What the task requires:
Find the line that contains "Замечательную театрализованную литературно-музыкальную" in the entries below. Restate it and every line after it, word for word, with no pictures.

Supplied records:
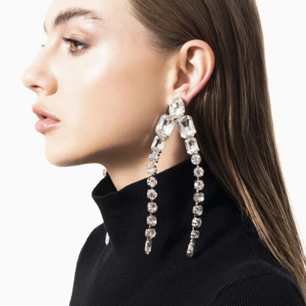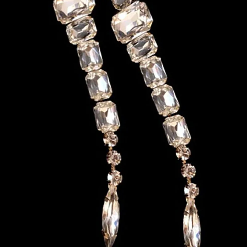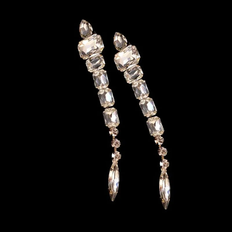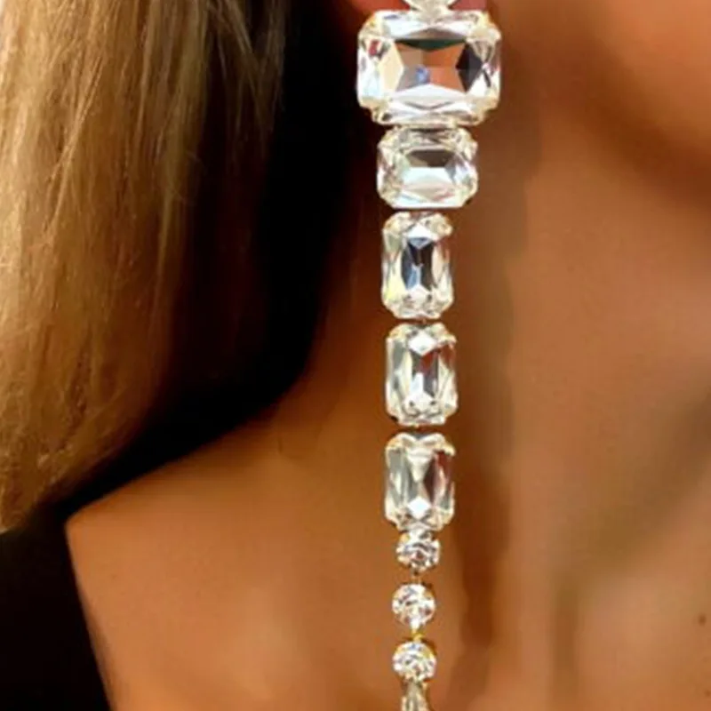 Handmade Crystal Big Square Gemstone Long Drop Dangle Earrings Jewelry for Women Shiny Rhinestone Bridal Tassel Pendant Earrings
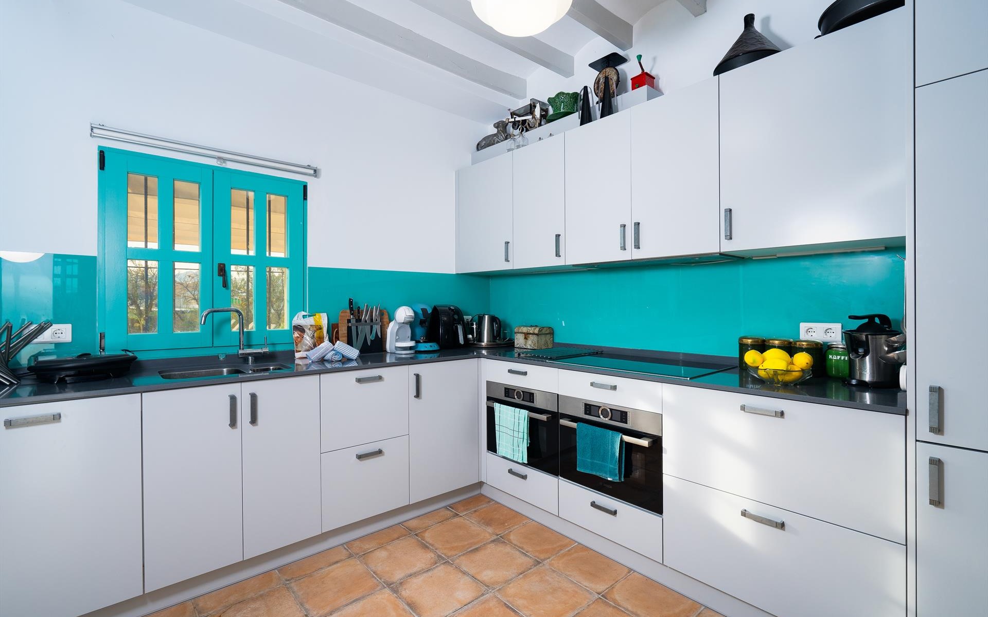 - Wohnküche mit Elektroherd, Elektroofen, Mikrowelle, Geschirrspülmaschine, Kühl-Gefrierkombination, Kaffeemaschine, Wasserkocher, Mixer, Toaster und Entsafter
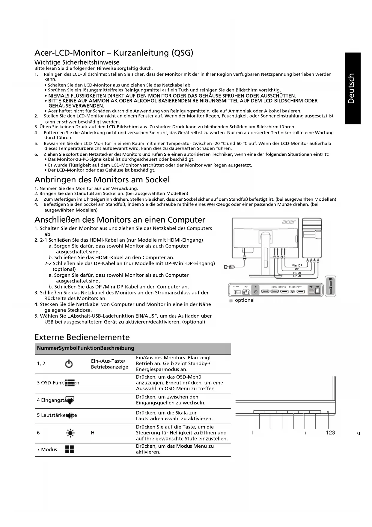 Mini DPPOWERHDMI 2 HDMI 1 DP INMini DP DP OUT optional 1234567Deutsch Vorschriften und Sicherheitshinweise FCC-Hinweis Dieses Gerät wurde getestet und erfüllt die Grenzwerte für ein digitales Gerät der Klasse B gemäß Teil 15 der FCC-Vorschriften. Diese Grenzwerte sollen einen angemessenen Schutz gegen Interferenzen bei der Installation in einem Wohngebiet bieten. Dieses Gerät erzeugt, verwendet und gibt möglicherweise Funkfrequenzenergie ab und kann, wenn es nicht gemäß den Anweisungen installiert und verwendet wird, Störungen des Funkverkehrs verursachen. Es gibt jedoch keine Garantie dafür, dass bei einer bestimmten Installation keine Störungen auftreten. Wenn dieses Gerät Störungen des Radio- oder Fernsehempfangs verursacht, was sich durch Aus- und Einschalten des Geräts feststellen lässt, kann der Benutzer versuchen, die Störungen durch eine oder mehrere der folgenden Maßnahmen zu beseitigen: Neuausrichtung oder Versetzen der Empfangsantenne Vergrößern des Abstands zwischen dem Gerät und dem Receiver Anschließen des Geräts an eine Steckdose eines anderen Stromkreises als den, an dem der Receiver angeschlossen ist Zu Rate ziehen des Händlers oder eines erfahrenen Radio-/Fernsehtechnikers CE-Konformitätserklärung Acer Inc. erklärt hiermit, dass dieser LCD-Monitor den grundlegenden Anforderungen und anderen relevanten Bestimmungen der EMV-Richtlinie 2014/30/EU, der Niederspannungsrichtlinie 2014/35/EU und der RoHS-Richtlinie 2011/65/EU sowie der Richtlinie 2009/125/EG zur Schaffung eines Rahmens für die Festlegung von Anforderungen an die umweltgerechte Gestaltung energieverbrauchsrelevanter Produkte entspricht. Hinweis: Heben Sie den Monitor nicht an der Unterseite an, um Schäden am Monitor zu vermeiden. Hinweis: Abgeschirmte Kabel Alle Verbindungen zu anderen Computing-Geräten müssen über abgeschirmte Kabel erfolgen, um die Einhaltung der EMV-Richtlinien sicherzustellen. Hinweis: Peripheriegeräte Nur Peripheriegeräte (Eingabe-/Ausgabegeräte, Terminals, Drucker usw.), die die Grenzwerte der Klasse B erfüllen, dürfen an dieses Gerät angeschlossen werden. Der Anschluss von Peripheriegeräten, die diese Grenzwerte nicht erfüllen, kann Störungen des Radio- und Fernsehempfangs hervorrufen. Vorsicht Änderungen oder Modifikationen, die nicht ausdrücklich durch den Hersteller genehmigt wurden, können dazu führen, dass die Betriebserlaubnis, die dem Benutzer von der Federal Communications Commission für dieses Produkt erteilt wurde, erlischt. Betriebsbedingungen Dieses Gerät entspricht Teil 15 der FCC-Vorschriften. Der Betrieb unterliegt folgenden zwei Bedingungen: (1) Dieses Gerät darf keine schädlichen Interferenzen verursachen und (2) dieses Gerät muss alle empfangenen Interferenzen annehmen, einschließlich Interferenzen, die zu einem unerwünschten Betrieb führen können. Hinweis: Benutzer in Kanada Dieses digitale Gerät der Klasse B entspricht der kanadischen Norm ICES-003. Remarque à l'intention des utilisateurs canadiens Cet appareil numérique de la classe B est conforme à la norme NMB-003 du Canada. Entsorgung von Elektrogeräten durch Benutzer in Privathaushalten in der EU Dieses Symbol auf dem Produkt oder seiner Verpackung weist darauf hin, dass dieses Produkt nicht über den normalen Hausmüll entsorgt werden darf. Es liegt in Ihrer Verantwortung, Ihre Altgeräte zur Entsorgung an einer Rücknahmestelle für das Recycling und die Entsorgung von elektrischen und elektronischen Geräten abzugeben. Die getrennte Sammlung und das Recycling von Altgeräten nach Ablauf der Lebensdauer tragen zur Erhaltung der natürlichen Ressourcen bei und garantieren eine Wiederverwertung, die die Gesundheit der Menschen und die Umwelt schont. Weitere Informationen dazu, wo sich Rücknahmestellen für Ihre Altgeräte befinden, erhalten Sie bei Ihrer Stadtverwaltung, den örtlichen Müllentsorgungsbetrieben oder im Geschäft, in dem Sie das Produkt erworben haben. Warnung zu Magneten Bestimmte elektronische Geräte, wie z.B. Festplatten, USB-Geräte, Tablet-PCs, Notebooks, Handys, Uhren, Kopfhörer, Lautsprecher, Kreditkarten, Magnetkarten usw., reagieren empfindlich auf magnetische Felder und können dauerhaft geschädigt oder vorübergehend deaktiviert werden, wenn sie einem zu starken Magnetfeld ausgesetzt sind. Elektronische Geräte sollten nicht in der Nähe von oder direkt auf dem magnetischen Bereich des Standfußes abgelegt werden. MagnetDeutsch TECHNISCHE DATEN Handbücher und andere Dokumente für Ihr Acer-Produkt finden Sie auf der offiziellen Acer-Support-Website. *Der jährliche Energieverbrauch berechnet sich anhand des typischen Stromverbrauchs von 4 Stunden pro Tag, 365 Tage im Jahr. LCD-Bildschirm System TFT-LCD-Farbbildschirm Größe 27”W (69 cm) Pixelabstand 0,233 mm (H) x 0,233 mm (V) Helligkeit 350 cd/m
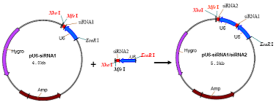 Each siRNA was cloned separately into the modified pSilencer 2.0 U6 vector. The 4.8 kb siRNA construct (designated pU6-siRNA1) was digested with Xho I/ Mfe I and the Xho I/ EcoR I siRNA2 fragment, which had been released from another siRNA construct, inserted into the pU6-siRNA1 construct generating a 5.3 siRNA construct (designated pU6-siRNA1/siRNA2). EcoR I and Mfe I have compatible cohesive ends, and following ligation, the new site cannot be re-cut by either endonuclease. Additional siRNA units can then be individually added to the pU6-siRNA using the same strategy.
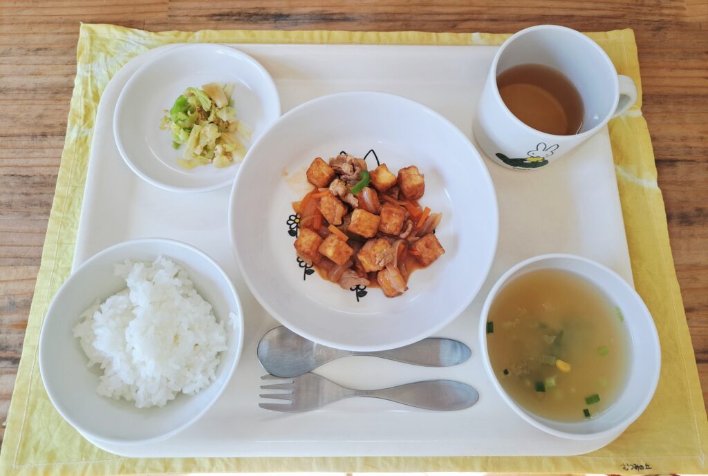 今日のメニュー 3月4日(火) ご飯 コーンスープ中華風 厚揚げのケチャップ煮 キャベツのツナ和え 今日は厚揚げのケチャップ煮です。 厚揚げは和食、洋食、中華料理に使える万能食材。肉や魚が苦手な子でもタンパク質がとれる食材です。 キャベツのツナ和えはキャベツの歯ごたえが味わえるように仕上げました。 シャキシャキたべたれたかな?? おやつ ふラスク 今日のメニュー 前の記事
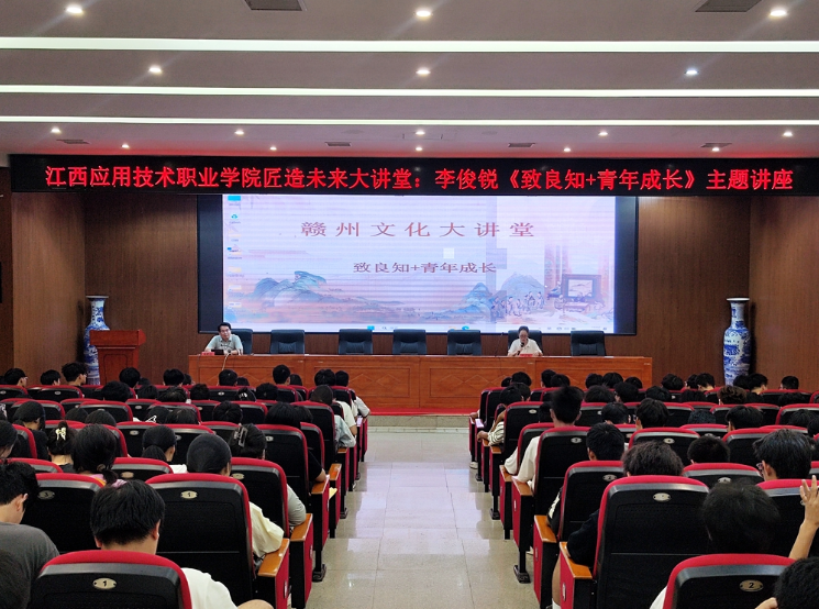 为推动中华优秀传统文化创造性转化、创新性发展,引导广大青年学生树立远大志向、涵养内在品格,日前,由江西应用技术职业学院宣传部主办,赣州市博物馆、映映通讯社承办的“匠造未来大讲堂”系列活动之“致良知+青年成长”主题讲座在图书馆报告厅成功举行。本次讲座特邀赣州市文化广电旅游局党组书记、局长李俊锐担任主讲。
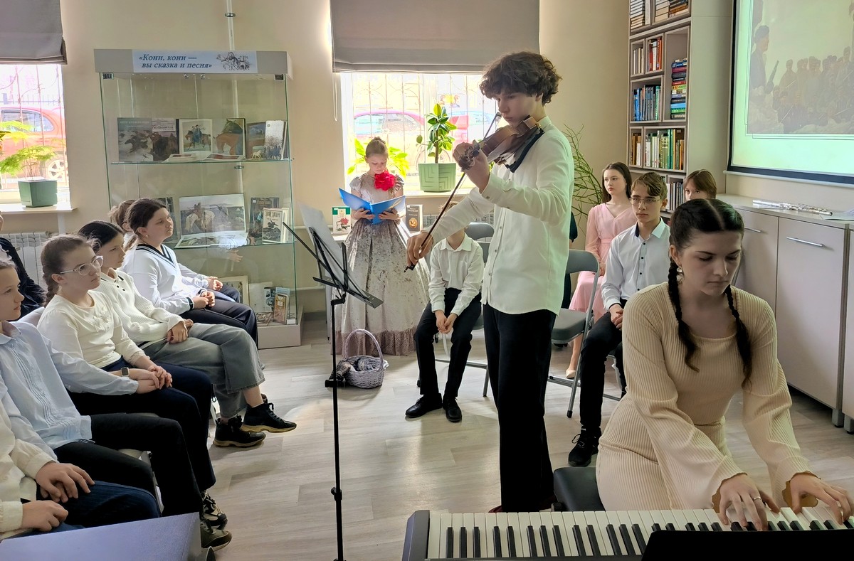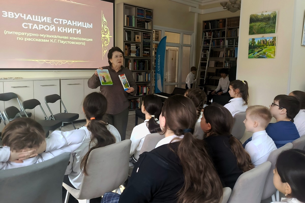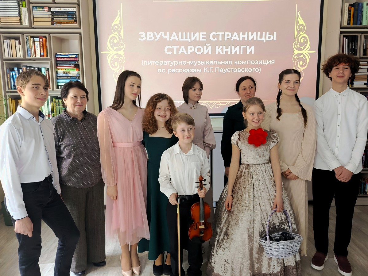Замечательную театрализованную литературно-музыкальную композицию «Звучащие страницы в старой книге» по рассказам и сказкам К. Паустовского представили юным читателям учащиеся Детской школы искусств им. Г. Галынина.
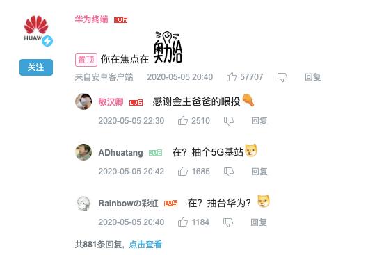 华为终端官方账号也来到这条视频下方评论留言:“你在焦点在奥利给!”
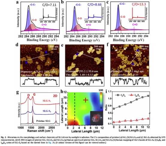 AFM顯示SLG-S?尺寸從625nm碎片化為210nm,表面粗糙度增加50%(圖2d-f);

Your response:
Замечательную театрализованную литературно-музыкальную композицию «Звучащие страницы в старой книге» по рассказам и сказкам К. Паустовского представили юным читателям учащиеся Детской школы искусств им. Г. Галынина.
 华为终端官方账号也来到这条视频下方评论留言:“你在焦点在奥利给!”
 AFM顯示SLG-S?尺寸從625nm碎片化為210nm,表面粗糙度增加50%(圖2d-f);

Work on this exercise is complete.